Wherever a picture appears in the listing, leave it out, and copy the rest exactly.

=== Extracted material ===

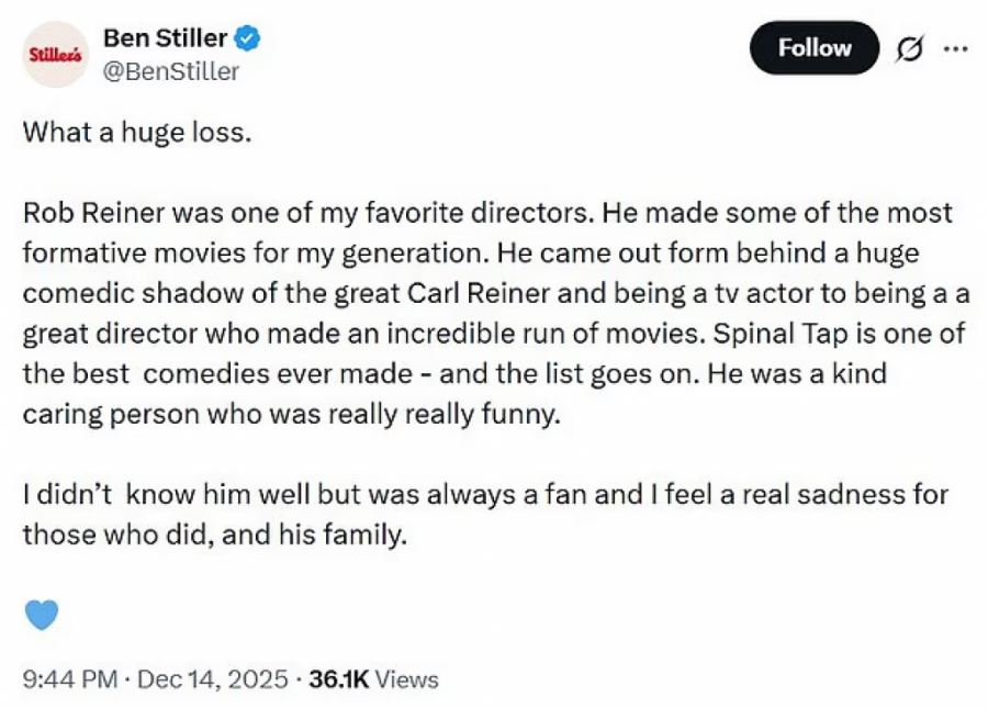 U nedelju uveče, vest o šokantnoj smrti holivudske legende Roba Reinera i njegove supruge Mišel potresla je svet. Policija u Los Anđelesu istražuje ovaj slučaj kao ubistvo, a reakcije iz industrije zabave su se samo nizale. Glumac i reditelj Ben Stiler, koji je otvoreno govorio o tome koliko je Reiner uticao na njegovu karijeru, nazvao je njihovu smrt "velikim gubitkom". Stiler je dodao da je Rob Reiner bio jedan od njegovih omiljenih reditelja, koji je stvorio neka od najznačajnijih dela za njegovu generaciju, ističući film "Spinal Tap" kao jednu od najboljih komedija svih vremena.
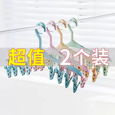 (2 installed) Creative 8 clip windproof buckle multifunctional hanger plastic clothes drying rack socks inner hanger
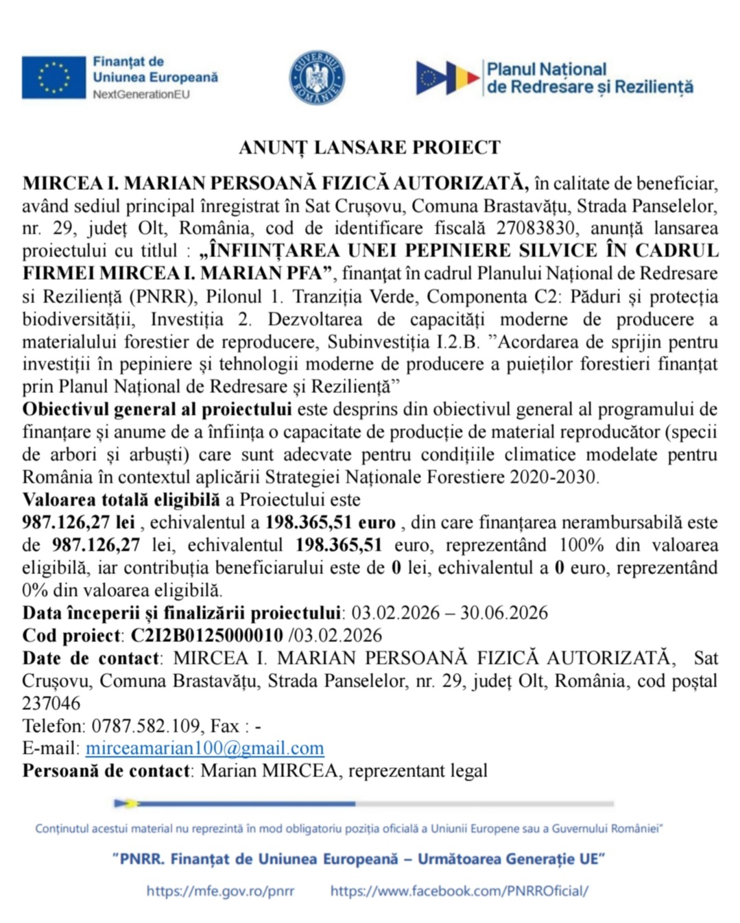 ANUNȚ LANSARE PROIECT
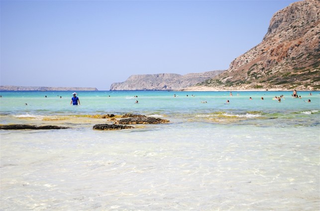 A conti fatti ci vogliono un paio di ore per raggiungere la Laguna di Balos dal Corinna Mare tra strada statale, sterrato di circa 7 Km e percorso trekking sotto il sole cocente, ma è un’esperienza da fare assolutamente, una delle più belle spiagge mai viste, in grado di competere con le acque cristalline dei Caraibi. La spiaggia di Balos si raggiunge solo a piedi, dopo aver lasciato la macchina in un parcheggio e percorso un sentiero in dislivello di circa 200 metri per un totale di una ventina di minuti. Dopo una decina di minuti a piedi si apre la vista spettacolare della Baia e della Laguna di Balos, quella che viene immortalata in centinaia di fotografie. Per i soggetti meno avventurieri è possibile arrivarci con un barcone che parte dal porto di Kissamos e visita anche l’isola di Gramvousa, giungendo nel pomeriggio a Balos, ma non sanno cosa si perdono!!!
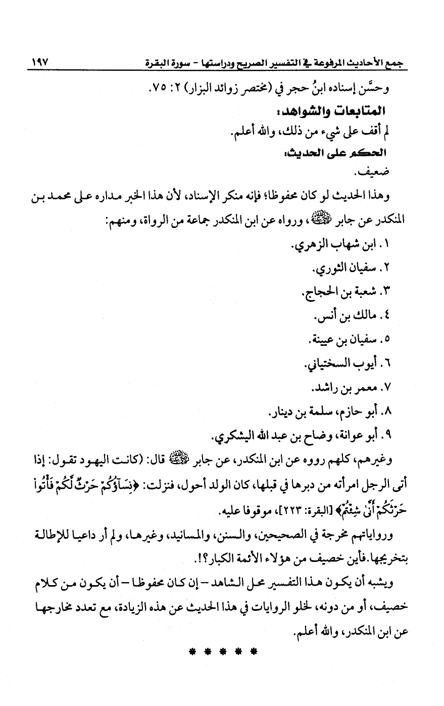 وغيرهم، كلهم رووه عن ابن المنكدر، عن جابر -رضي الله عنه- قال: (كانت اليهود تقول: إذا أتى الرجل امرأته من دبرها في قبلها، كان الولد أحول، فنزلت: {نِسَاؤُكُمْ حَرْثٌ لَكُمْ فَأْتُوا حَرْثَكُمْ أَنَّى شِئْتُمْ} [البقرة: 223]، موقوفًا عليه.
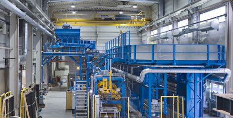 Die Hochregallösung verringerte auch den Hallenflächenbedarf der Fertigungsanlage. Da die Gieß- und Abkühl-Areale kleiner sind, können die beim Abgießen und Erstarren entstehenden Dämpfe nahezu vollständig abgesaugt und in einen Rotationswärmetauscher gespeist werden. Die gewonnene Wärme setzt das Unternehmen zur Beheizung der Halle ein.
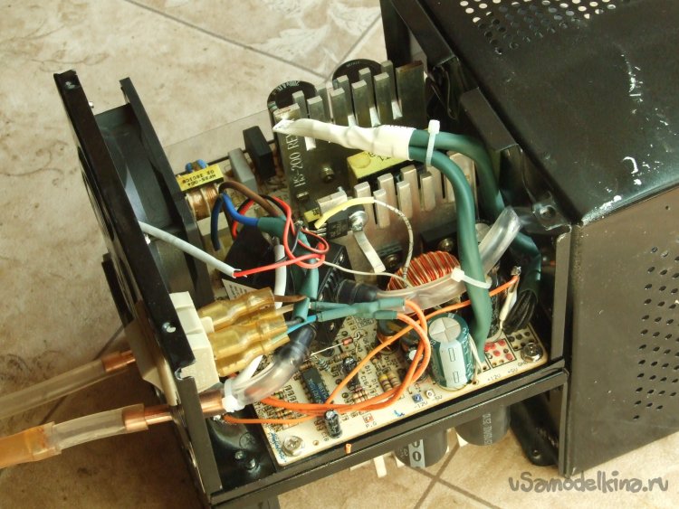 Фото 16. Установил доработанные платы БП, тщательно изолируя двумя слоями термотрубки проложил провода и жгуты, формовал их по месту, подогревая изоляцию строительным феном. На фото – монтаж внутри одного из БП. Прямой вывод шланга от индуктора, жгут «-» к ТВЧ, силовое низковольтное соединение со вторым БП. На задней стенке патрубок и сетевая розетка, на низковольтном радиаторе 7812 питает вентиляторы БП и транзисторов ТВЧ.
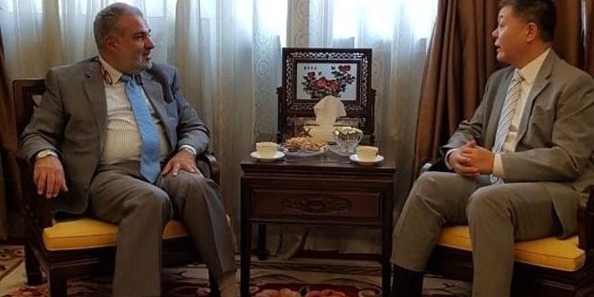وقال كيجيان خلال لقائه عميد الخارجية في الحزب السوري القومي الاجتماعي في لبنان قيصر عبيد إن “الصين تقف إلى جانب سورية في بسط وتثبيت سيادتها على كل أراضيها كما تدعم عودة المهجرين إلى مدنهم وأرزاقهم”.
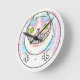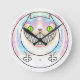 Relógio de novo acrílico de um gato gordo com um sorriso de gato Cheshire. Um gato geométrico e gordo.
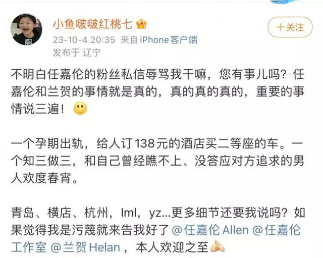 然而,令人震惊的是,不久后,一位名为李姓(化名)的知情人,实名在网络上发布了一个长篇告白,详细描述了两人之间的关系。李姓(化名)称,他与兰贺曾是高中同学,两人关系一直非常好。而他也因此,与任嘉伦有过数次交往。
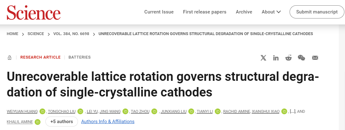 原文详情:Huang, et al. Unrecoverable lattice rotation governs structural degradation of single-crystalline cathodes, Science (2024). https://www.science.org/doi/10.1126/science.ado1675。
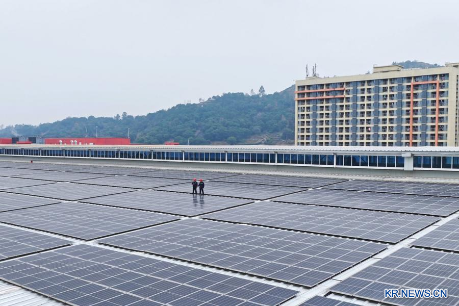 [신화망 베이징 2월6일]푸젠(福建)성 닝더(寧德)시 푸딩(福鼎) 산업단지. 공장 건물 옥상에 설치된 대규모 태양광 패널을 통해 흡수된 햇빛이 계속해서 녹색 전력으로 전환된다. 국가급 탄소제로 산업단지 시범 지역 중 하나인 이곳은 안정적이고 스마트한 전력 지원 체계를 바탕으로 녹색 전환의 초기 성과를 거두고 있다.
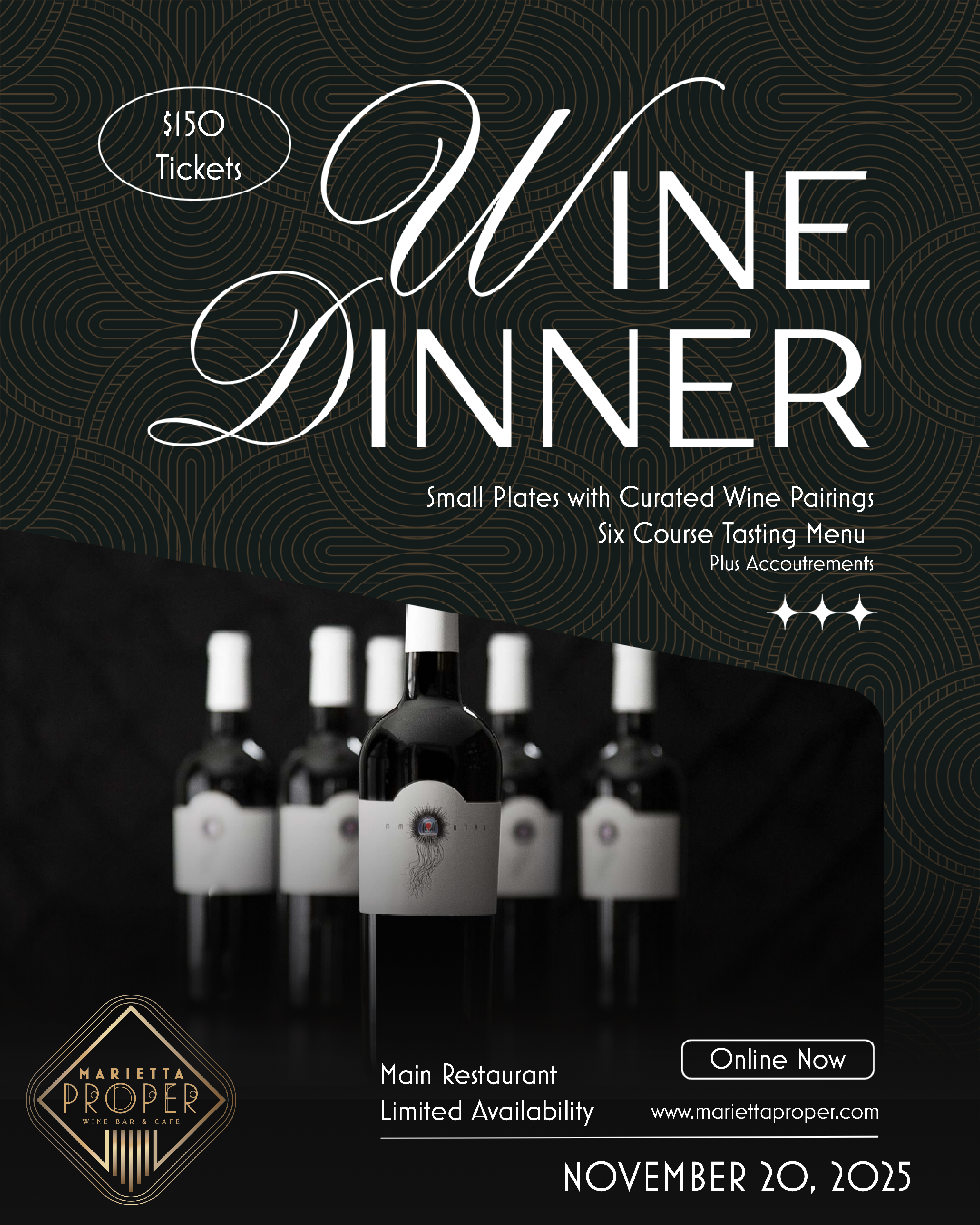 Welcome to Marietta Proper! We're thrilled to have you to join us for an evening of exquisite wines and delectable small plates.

===

Written solution:
 U nedelju uveče, vest o šokantnoj smrti holivudske legende Roba Reinera i njegove supruge Mišel potresla je svet. Policija u Los Anđelesu istražuje ovaj slučaj kao ubistvo, a reakcije iz industrije zabave su se samo nizale. Glumac i reditelj Ben Stiler, koji je otvoreno govorio o tome koliko je Reiner uticao na njegovu karijeru, nazvao je njihovu smrt "velikim gubitkom". Stiler je dodao da je Rob Reiner bio jedan od njegovih omiljenih reditelja, koji je stvorio neka od najznačajnijih dela za njegovu generaciju, ističući film "Spinal Tap" kao jednu od najboljih komedija svih vremena.
 (2 installed) Creative 8 clip windproof buckle multifunctional hanger plastic clothes drying rack socks inner hanger
 ANUNȚ LANSARE PROIECT
 A conti fatti ci vogliono un paio di ore per raggiungere la Laguna di Balos dal Corinna Mare tra strada statale, sterrato di circa 7 Km e percorso trekking sotto il sole cocente, ma è un’esperienza da fare assolutamente, una delle più belle spiagge mai viste, in grado di competere con le acque cristalline dei Caraibi. La spiaggia di Balos si raggiunge solo a piedi, dopo aver lasciato la macchina in un parcheggio e percorso un sentiero in dislivello di circa 200 metri per un totale di una ventina di minuti. Dopo una decina di minuti a piedi si apre la vista spettacolare della Baia e della Laguna di Balos, quella che viene immortalata in centinaia di fotografie. Per i soggetti meno avventurieri è possibile arrivarci con un barcone che parte dal porto di Kissamos e visita anche l’isola di Gramvousa, giungendo nel pomeriggio a Balos, ma non sanno cosa si perdono!!!
 وغيرهم، كلهم رووه عن ابن المنكدر، عن جابر -رضي الله عنه- قال: (كانت اليهود تقول: إذا أتى الرجل امرأته من دبرها في قبلها، كان الولد أحول، فنزلت: {نِسَاؤُكُمْ حَرْثٌ لَكُمْ فَأْتُوا حَرْثَكُمْ أَنَّى شِئْتُمْ} [البقرة: 223]، موقوفًا عليه.
 Die Hochregallösung verringerte auch den Hallenflächenbedarf der Fertigungsanlage. Da die Gieß- und Abkühl-Areale kleiner sind, können die beim Abgießen und Erstarren entstehenden Dämpfe nahezu vollständig abgesaugt und in einen Rotationswärmetauscher gespeist werden. Die gewonnene Wärme setzt das Unternehmen zur Beheizung der Halle ein.
 Фото 16. Установил доработанные платы БП, тщательно изолируя двумя слоями термотрубки проложил провода и жгуты, формовал их по месту, подогревая изоляцию строительным феном. На фото – монтаж внутри одного из БП. Прямой вывод шланга от индуктора, жгут «-» к ТВЧ, силовое низковольтное соединение со вторым БП. На задней стенке патрубок и сетевая розетка, на низковольтном радиаторе 7812 питает вентиляторы БП и транзисторов ТВЧ.
وقال كيجيان خلال لقائه عميد الخارجية في الحزب السوري القومي الاجتماعي في لبنان قيصر عبيد إن “الصين تقف إلى جانب سورية في بسط وتثبيت سيادتها على كل أراضيها كما تدعم عودة المهجرين إلى مدنهم وأرزاقهم”.
 Relógio de novo acrílico de um gato gordo com um sorriso de gato Cheshire. Um gato geométrico e gordo.
 然而,令人震惊的是,不久后,一位名为李姓(化名)的知情人,实名在网络上发布了一个长篇告白,详细描述了两人之间的关系。李姓(化名)称,他与兰贺曾是高中同学,两人关系一直非常好。而他也因此,与任嘉伦有过数次交往。
 原文详情:Huang, et al. Unrecoverable lattice rotation governs structural degradation of single-crystalline cathodes, Science (2024). https://www.science.org/doi/10.1126/science.ado1675。
 [신화망 베이징 2월6일]푸젠(福建)성 닝더(寧德)시 푸딩(福鼎) 산업단지. 공장 건물 옥상에 설치된 대규모 태양광 패널을 통해 흡수된 햇빛이 계속해서 녹색 전력으로 전환된다. 국가급 탄소제로 산업단지 시범 지역 중 하나인 이곳은 안정적이고 스마트한 전력 지원 체계를 바탕으로 녹색 전환의 초기 성과를 거두고 있다.
 Welcome to Marietta Proper! We're thrilled to have you to join us for an evening of exquisite wines and delectable small plates.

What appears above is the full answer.